**Data shown**:
※ ※ ※
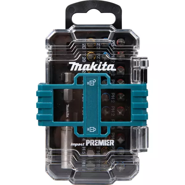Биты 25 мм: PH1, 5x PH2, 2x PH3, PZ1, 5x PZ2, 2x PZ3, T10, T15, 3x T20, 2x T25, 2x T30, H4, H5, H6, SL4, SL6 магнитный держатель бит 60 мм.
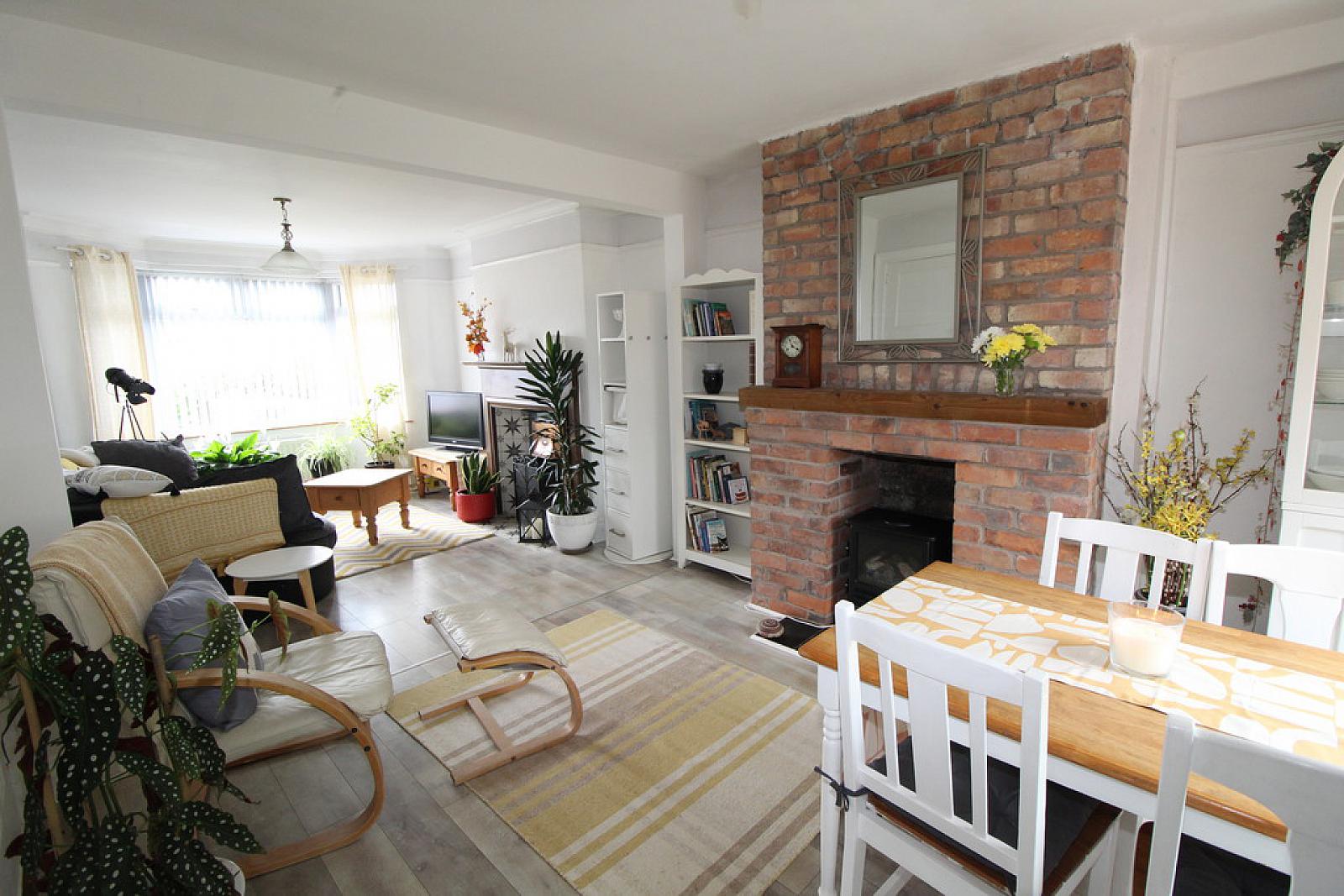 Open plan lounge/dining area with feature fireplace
※ ※ ※
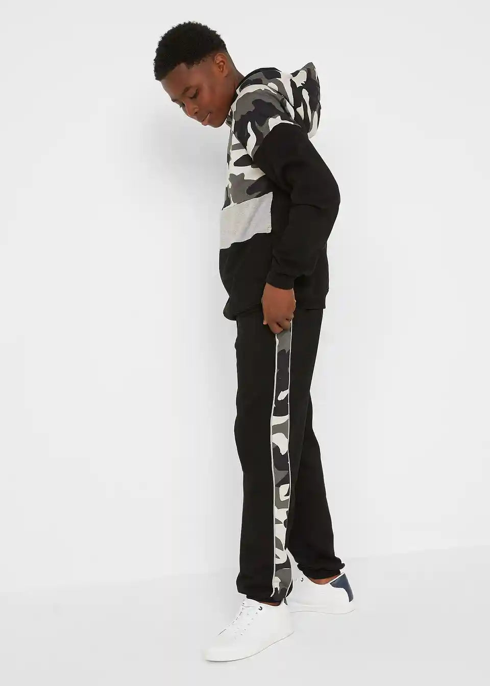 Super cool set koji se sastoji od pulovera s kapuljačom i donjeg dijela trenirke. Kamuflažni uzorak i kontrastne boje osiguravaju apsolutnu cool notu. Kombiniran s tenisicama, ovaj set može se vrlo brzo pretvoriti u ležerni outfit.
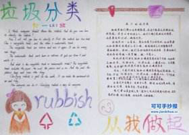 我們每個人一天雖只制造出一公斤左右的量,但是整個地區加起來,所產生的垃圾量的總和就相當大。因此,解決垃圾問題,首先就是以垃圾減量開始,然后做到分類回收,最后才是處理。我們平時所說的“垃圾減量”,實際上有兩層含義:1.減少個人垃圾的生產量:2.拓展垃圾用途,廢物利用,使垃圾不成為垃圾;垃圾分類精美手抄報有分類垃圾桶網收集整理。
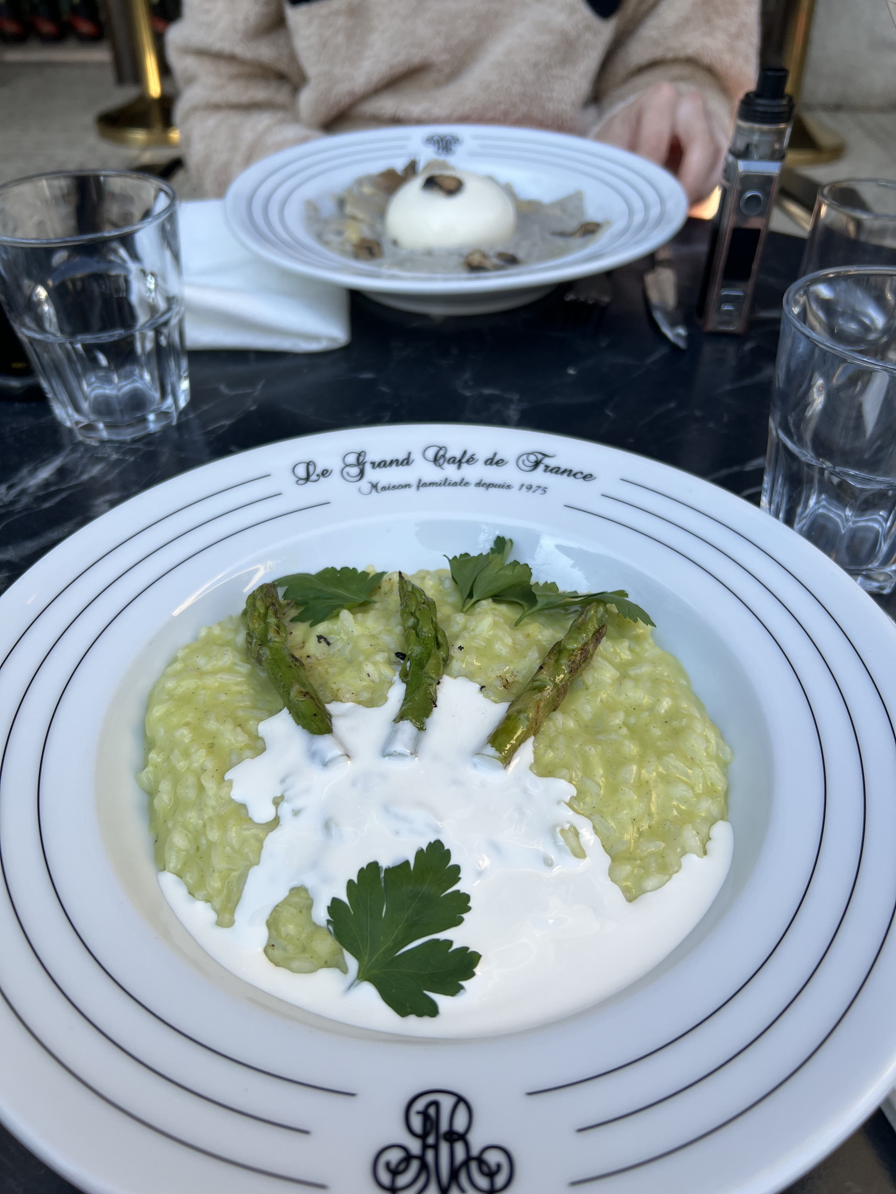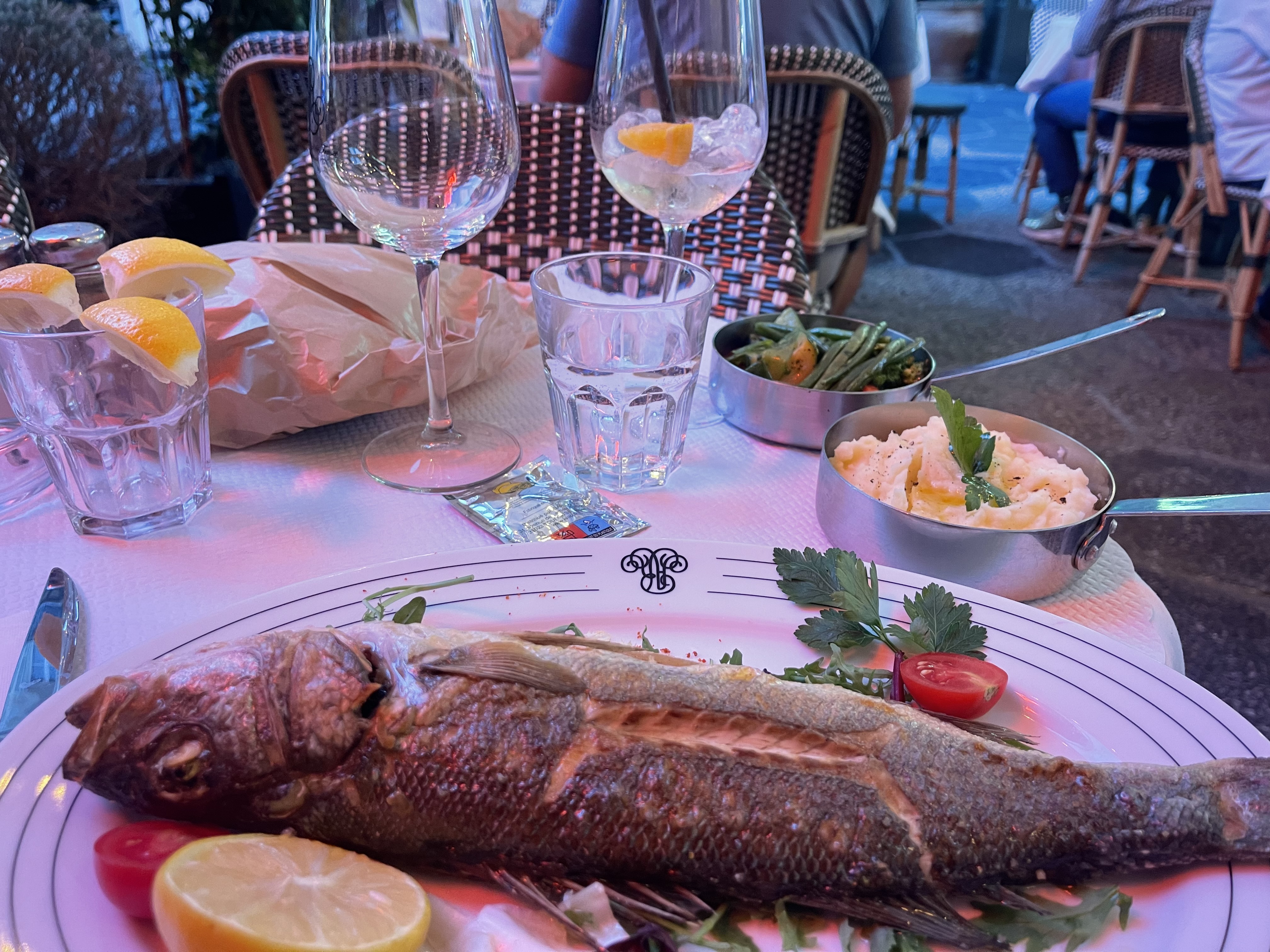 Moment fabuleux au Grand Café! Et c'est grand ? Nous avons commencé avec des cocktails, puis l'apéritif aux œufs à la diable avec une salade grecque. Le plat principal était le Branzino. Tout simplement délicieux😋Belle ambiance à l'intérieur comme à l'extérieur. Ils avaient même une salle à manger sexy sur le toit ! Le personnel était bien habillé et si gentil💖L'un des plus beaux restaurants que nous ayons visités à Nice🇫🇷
※ ※ ※
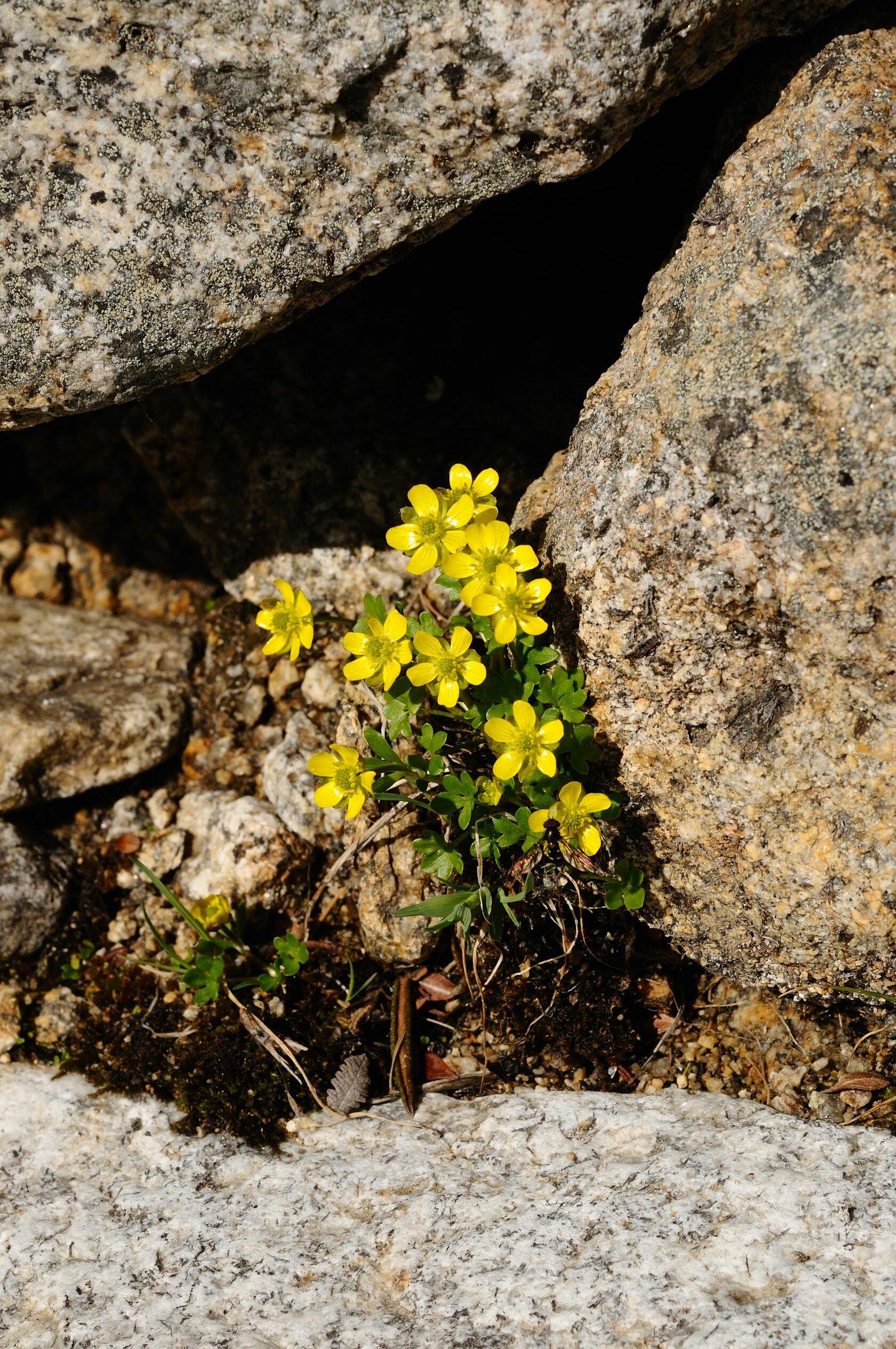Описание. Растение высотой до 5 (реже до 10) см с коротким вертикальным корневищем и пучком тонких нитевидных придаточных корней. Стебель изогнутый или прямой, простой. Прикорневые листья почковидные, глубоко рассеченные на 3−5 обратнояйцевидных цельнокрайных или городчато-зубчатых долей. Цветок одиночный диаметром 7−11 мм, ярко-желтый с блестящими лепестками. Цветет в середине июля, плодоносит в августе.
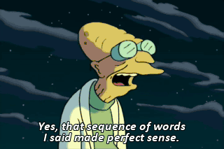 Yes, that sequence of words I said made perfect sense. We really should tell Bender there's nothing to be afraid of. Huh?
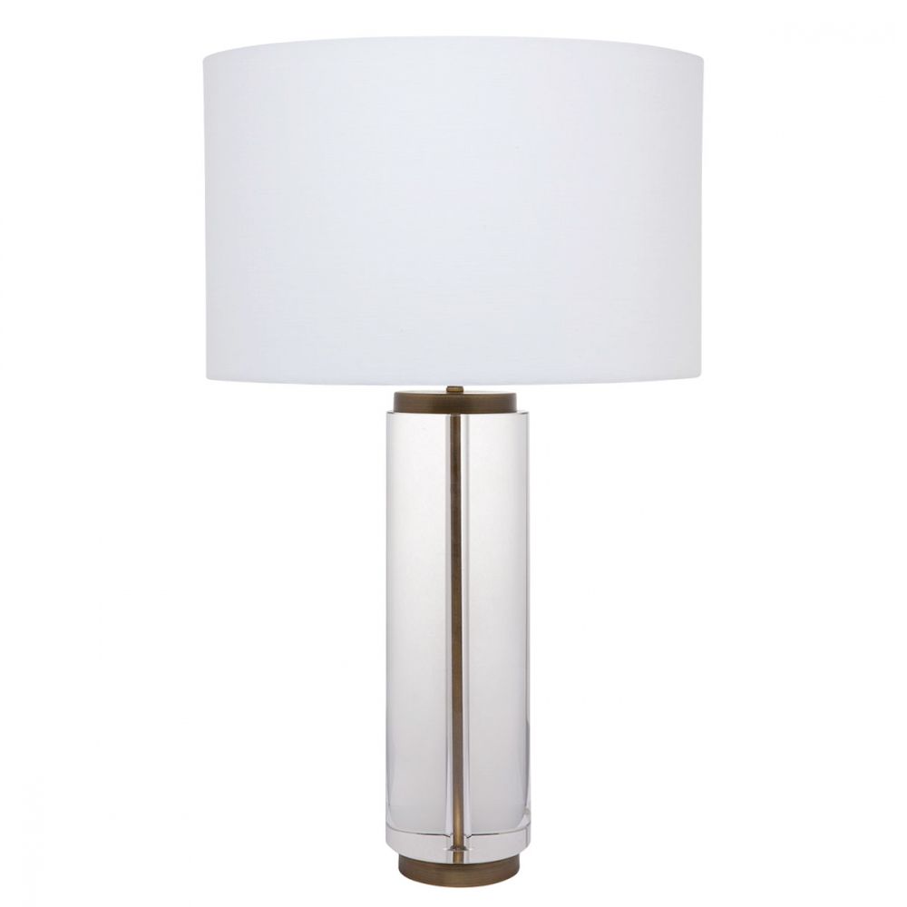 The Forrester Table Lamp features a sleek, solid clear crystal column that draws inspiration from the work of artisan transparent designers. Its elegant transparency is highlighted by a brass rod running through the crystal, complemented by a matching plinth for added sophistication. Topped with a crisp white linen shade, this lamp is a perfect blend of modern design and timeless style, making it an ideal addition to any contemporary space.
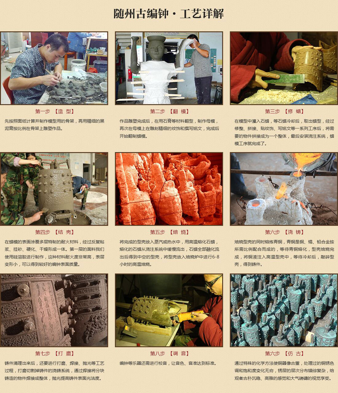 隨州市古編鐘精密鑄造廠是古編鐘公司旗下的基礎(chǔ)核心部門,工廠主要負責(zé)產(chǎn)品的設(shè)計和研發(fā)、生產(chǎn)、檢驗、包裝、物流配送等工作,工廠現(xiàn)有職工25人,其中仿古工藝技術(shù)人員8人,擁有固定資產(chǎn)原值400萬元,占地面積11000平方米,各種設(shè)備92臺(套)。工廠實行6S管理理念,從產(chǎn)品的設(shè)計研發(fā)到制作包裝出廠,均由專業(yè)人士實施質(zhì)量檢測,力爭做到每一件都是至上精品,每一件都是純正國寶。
※ ※ ※
**How to complete this task**:
Look above for the line with "我們每個人一天雖只制造出一公" and the line with "Moment fabuleux au". Output those two and everything between them exactly, pictures excluded.

**Solution to this exercise**:
 我們每個人一天雖只制造出一公斤左右的量,但是整個地區加起來,所產生的垃圾量的總和就相當大。因此,解決垃圾問題,首先就是以垃圾減量開始,然后做到分類回收,最后才是處理。我們平時所說的“垃圾減量”,實際上有兩層含義:1.減少個人垃圾的生產量:2.拓展垃圾用途,廢物利用,使垃圾不成為垃圾;垃圾分類精美手抄報有分類垃圾桶網收集整理。
 Moment fabuleux au Grand Café! Et c'est grand ? Nous avons commencé avec des cocktails, puis l'apéritif aux œufs à la diable avec une salade grecque. Le plat principal était le Branzino. Tout simplement délicieux😋Belle ambiance à l'intérieur comme à l'extérieur. Ils avaient même une salle à manger sexy sur le toit ! Le personnel était bien habillé et si gentil💖L'un des plus beaux restaurants que nous ayons visités à Nice🇫🇷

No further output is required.